Luckily for me, my parents gave me the money I needed to self fund the cycle (seeing as I had already taken loads of drugs) and in the end I did get 8 eggs and we are waiting to test at the moment.  But the egg share had already been cancelled.

Bpurn are in no way to blame and they have said that I am simply a slow responder and that in hindsight it would have been better if I had started on the highest dose - but that did not seem appropriate at the time.

So, just wanted to warn you that you need to ask yourself what you will do if they cancel the cycle.  We were so cocky and it hit us like a big bolt out of the blue: there is no predicting who will respond and at which dose.

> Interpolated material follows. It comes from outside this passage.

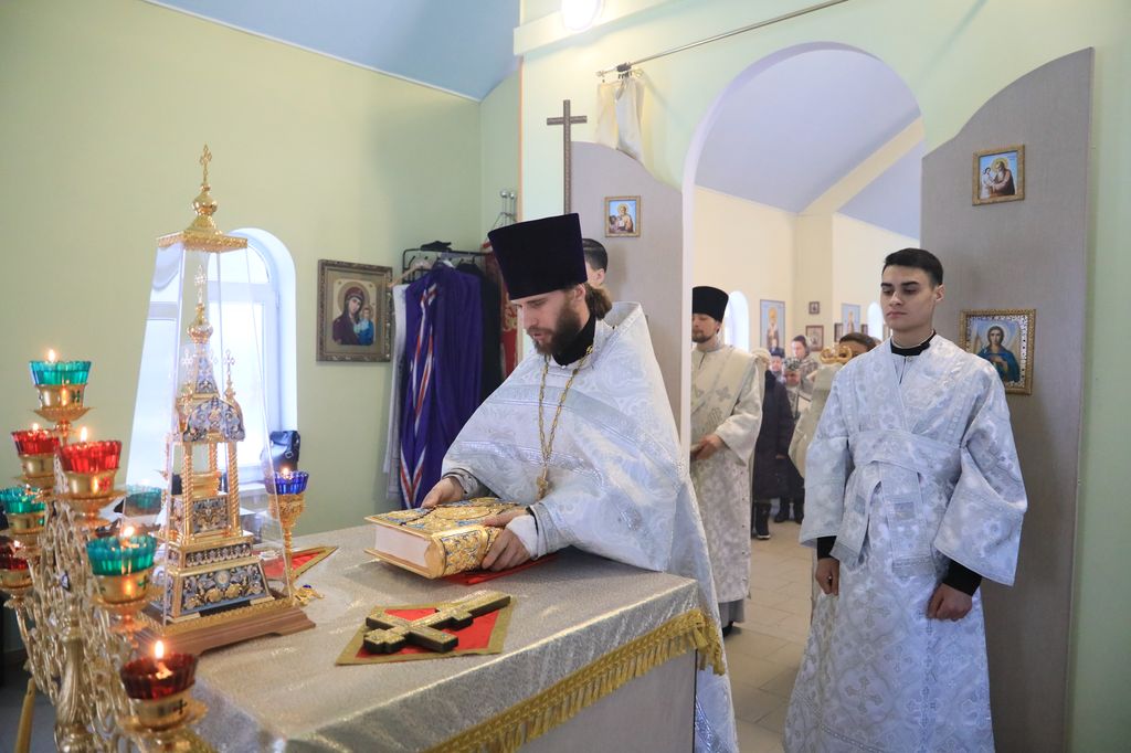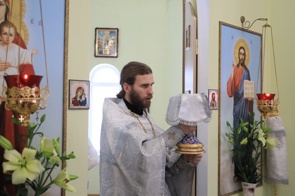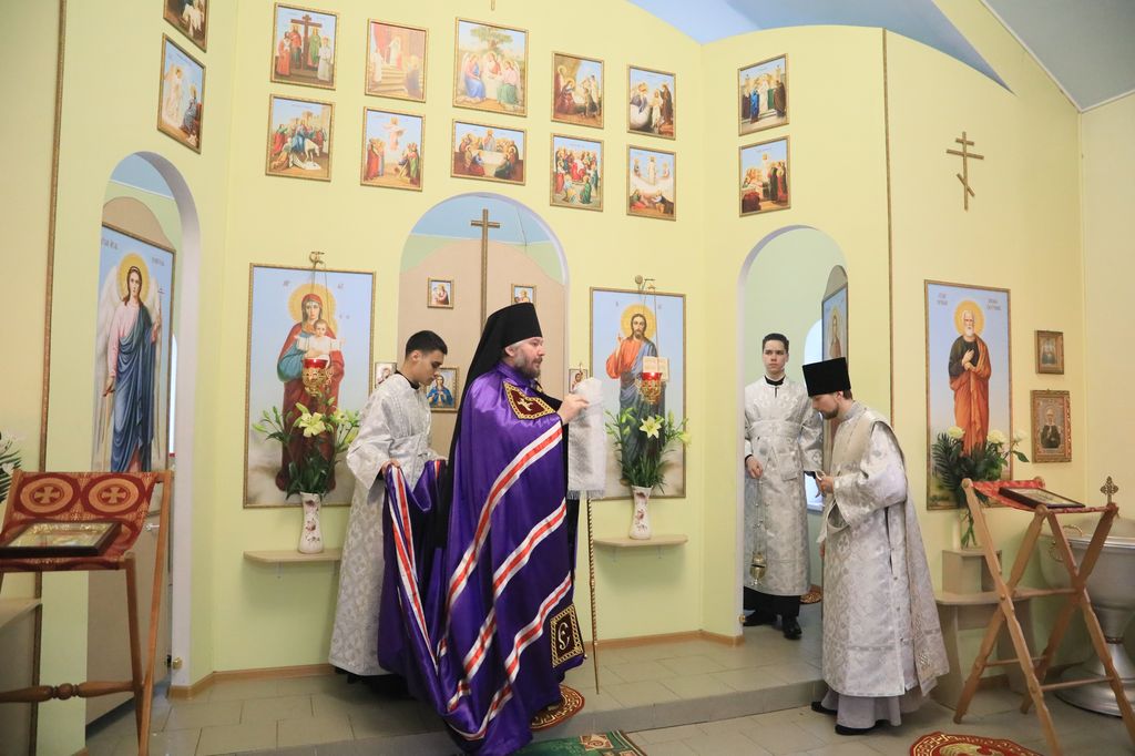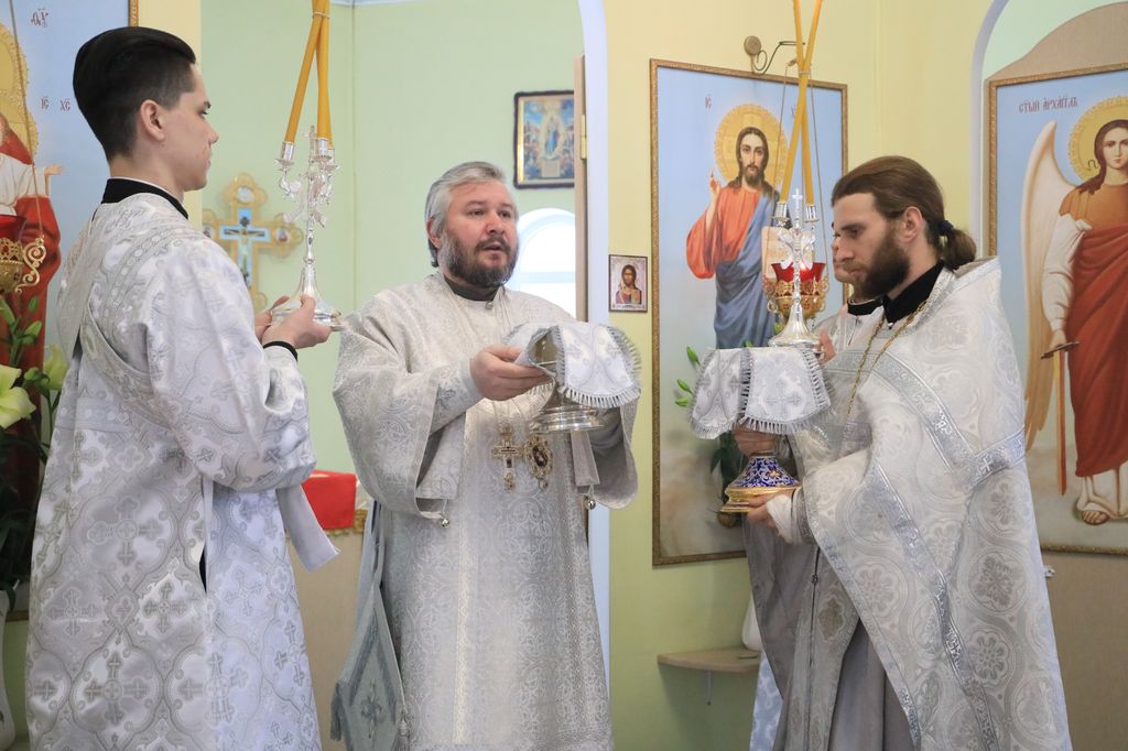 Его Преосвященству сослужили настоятель храма иерей Сергий Болоцков и иеродиакон Флавиан (Васильев).
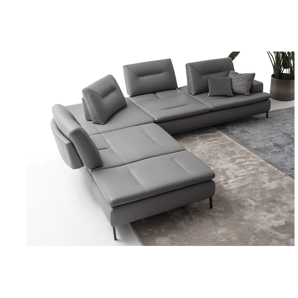 Dodaj elegancki i wyrafinowany styl do nowoczesnego salonu dzięki wyjątkowej narożnej sofie Cavour. Ruchome poduszki oparcia przesuwają się do tyłu, tworząc głębsze i przytulniejsze siedzisko. Dzięki wysokiej jakości konstrukcji i zastosowaniu najlepszych materiałów będzie trwałym meblem na długie lata. Narożna sofa Cavour jest produkowana we Włoszech z niezwykłą dbałością o szczegóły i jest dostępna w dwóch rozmiarach oraz w konfiguracji lewej i prawej. Opcje tapicerki obejmują tkaniny i skóry, a szwy mogą być dopasowane do materiału lub mieć jaśniejszy lub ciemniejszy kolor. Nogi wykończone są w kolorze brązu.

Ask them if they will do an antral follicle count before you start treatment: this is the best predictor of how well you will do.  Mind you, it;s quality not quantity that counts.  6 of my eggs fertilised and 2 got to blastocyst stage so we did ok.  Fingers crossed for our test this Thurs.

God luck whatever you decide.  I think the Bourn programme is excellent as ICSI is all included in the cost (usuallly an extra £1000) so if you can egg share then do it! 

Allie.


----------



## Hun (Jul 14, 2003)

Hi Rowena... heres my experience of egg sharing at BH...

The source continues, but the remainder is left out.